Step 5: reiterate Steps 1–4 until reaching a predetermined iteration count or convergence threshold. Throughout the model, the sum of the information gain of each feature across all nodes of a split feature represents the significance of that feature.

Transformer fault diagnosis process

The methodology for transformer fault diagnosis through SMOTE and NGO-GBDT entails two stages: offline model training and online identification and diagnosis. The specific workflow is depicted in Fig. 1. During the offline training stage for transformer faults, a single session suffices; upon securing the optimal diagnostic model, the deployment is conducted, paving the way for online identification and diagnosis.

The specific steps in the offline training phase are as follows:

Step 1: Sample data preprocessing. The collected DGA samples are normalized, and the data set is balanced through the application of the SMOTE.

Step 2: Feature selection. The candidate feature set is established through the code-free ratio method, while the optimal input feature is determined via the LightGBM.
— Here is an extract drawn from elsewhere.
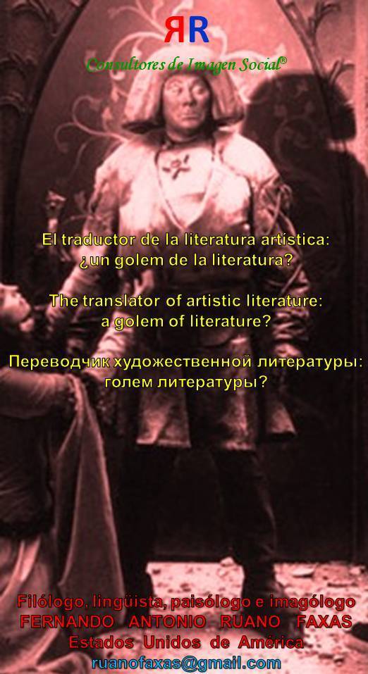 […] El escritor es un ser complejo, el traductor también; pero el escritor es un “ser complejo único”, y eso que ahí están los géneros y subgéneros de la literatura; pero el traductor es un “ser complejo mutante”, cambiante, es una máquina humana de adaptaciones, el traductor de literatura artística es como si fuera un golem talmúdico […] E inclusive así, siendo el traductor un artista que pinta las cosas “reajustadas” con palabras para las tan variadas culturas socio-dialectales, en la mayoría de los casos nadie los conoce, y hasta “la bola” de “universitarios” (?) e investigadores (?) que consultan mil informaciones ni ponen sus nombres en las bibliografías y notas de la inmensa mayoría de las porquerías que escriben hasta titularse (?), y en postgrado (?) todavía esto es peor […] ¿Pero qué ventajas podrían tener unos alumnos con unos profesores así, como la inmensa mayoría de los que tenemos? Como se dice en México: “Hijo de tigre, pintito”; como se dice en Cuba: “Hijo de majá sale pinto”. Con lo fácil y rápido, y por supuesto “respetuoso”, que sería poner el nombre de los traductores, del traductor, de esta gente maravillosa y decisiva en el desarrollo de la cultura universal. Pero todavía este asunto del empecinamiento de estas culturas estúpidas que quieren a fuerza mantener en el anonimato, en la inexistencia, en la irrelevancia, a los traductores se hace más evidente cuando queda claro, cuando aparece, en los textos consultados, en los libros, revistas, fichas bibliográficas, en Internet, etc., el nombre del traductor, y en primera página, ahí clarísimo, es un nombre que salta a la vista, a menos que se sea ciego, o también inculto o atrasado o hasta pendejo, y no lo ponen, no lo registran, en sus “diz que” investigaciones, en sus “diz que” trabajos científicos y académicos. ¿Qué es eso? ¿Dejadez? ¿Olvido? ¿Taradez? No, en el mundo intelectual y civilizado “de verdad” eso se llama estupidez, ignorancia, animalidad intelectual. Ya los tiempos han cambiado, y mucho, como para no estar llamando a las cosas por su nombre, como para estar, al decir de los mexicanos, “dando atole con el dedo”, o como dice mi suegra: “es bueno el ‘encaje’ pero que no sea tan ancho” […] También podríamos decir que eso se llama “educación en América”, por eso estamos como estamos, ¡y de futuro luminoso nada!, al contrario, para atrás y para atrás y para atrás, como los cangrejos […] Para conocer qué es un golem también usted puede leer la buenísima novela Der Golem, del austríaco Gustav Meynrick, escrita en el año 1915, o vea el film o película El Golem, creada en 1920 por el director Paul Wegener http://www.youtube.com/watch?v=5zag79w8eIQ&feature=related […] Esas películas de antes siguen siendo mis favoritas: ¡qué maravillas de la imaginación y de la creación artística y científico-técnica! Las de ahora también son buenas, y ahí está, por ejemplo, Avatar http://es.wikipedia.org/wiki/Avatar_(pel%C3%ADcula) , http://www.youtube.com/watch?v=_n2fPkpsjMo , que ha roto todo récord imaginable de taquilla, la película más vista en la historia mundial del cine, todo el mundo quiere ver esa película, niños y adultos, en todo el planeta, en todos los países; pero aquellas películas de antes se hicieron cuando no existían los adelantos de ahora, ahí había que ser mago para hacer todas esas cosas maravillosas y geniales, y sin recursos, y con tantos tabúes y prohibiciones, con una Iglesia tan perseguidora, inquisitoria y criticona. ¡Y cómo le ha jodido al clero mañoso y corrupto todas estas cosas, todas estas películas, videos (ahí está YouTube), libros, etc., de magia, de brujería, de esoterismo, de santería, de alquimia, de vudú, de sincretismos de todo tipo…! Claro, porque con todas estas películas se les sigue cayendo cada vez más su show barato y fraudulento. Todos estos temas de magia, esoterismo, brujería, alquimia, espiritismo, vudú, candomblé, chamanismo, nahualismo o nagualismo, etc., siempre les ha fascinado a todos, en todas las culturas, en todos los tiempos, como he comentado ya en mis textos https://ruanofaxas.wordpress.com/article/las-creencias-las-religiones-los-cultos-19j6x763f3uf8-41-2/ […] http://knol.google.com/k/an%C3%B3nimo/las-creencias-las-religiones-los-cultos/19j6x763f3uf8/90# […] https://ruanofaxas.wordpress.com/2012/04/07/si-los-religiosos-catolicos-o-cristianos-no-saben-practicamente-nada-de-catolicismo-o-cristianismo-si-no-saben-nada-de-las-divisiones-del-catolicismo-de-las-sectas-si-no-tienen-ni-idea-sensata/ […] https://ruanofaxas.wordpress.com/article/pobre-haiti-pobre-pueblo-haitiano-los-19j6x763f3uf8-161-2/ […] https://ruanofaxas.wordpress.com/2011/11/25/pobre-haiti-pobre-pueblo-haitiano-los-primeros-y-los-ultimos-ni-los-dioses-quieren-a-haiti-y-el-manco-mackandal/ […] https://ruanofaxas.wordpress.com/2012/05/28/mexico-arte-indo-cristiano-tequitqui-mexico-indo-christian-art-tequitqui-%D0%BC%D0%B5%D0%BA%D1%81%D0%B8%D0%BA%D0%B0-%D0%B8%D0%BD%D0%B4%D0%B8%D0%B9%D1%81%D0%BA%D0%BE-%D1%85%D1%80%D0%B8%D1%81/ […] https://ruanofaxas.wordpress.com/2012/03/27/benedicto-xvi-en-cuba-que-fidel-castro-y-raul-castro-no-creen-en-religiones-en-cultos-alternativos-en-dios-en-la-virgen-de-la-caridad-del-cobre-en-el-catolicismo-en-el-cr/ […] https://ruanofaxas.wordpress.com/article/abramos-los-ojos-de-una-vez-es-19j6x763f3uf8-183-2/ […]

Step 3: Model training and validation. The training set, validation set, and test set are separated; the parameters of the GBDT model, including those of max_ depth, n_ estimators, and learning_rate, are optimized using the NGO algorithm. Therefore, utilizing the verification set to assess the diagnostic efficacy of each iterationary model, if the disparity in accuracy between successive training sessions does not exceed five percent, save the model parameters upon conclusion of the training; In the event that such conditions are not met, one must retrain the model until they are fulfilled.

Step 4: Model validation. The test dataset is fed into the optimal model; the diagnostic accuracy of the NGO-GBDT model is validated.

The specific steps in the online identification and diagnosis stage are as follows:

Step 1: Sample data preprocessing. Normalizing the DGA samples collected in real-time.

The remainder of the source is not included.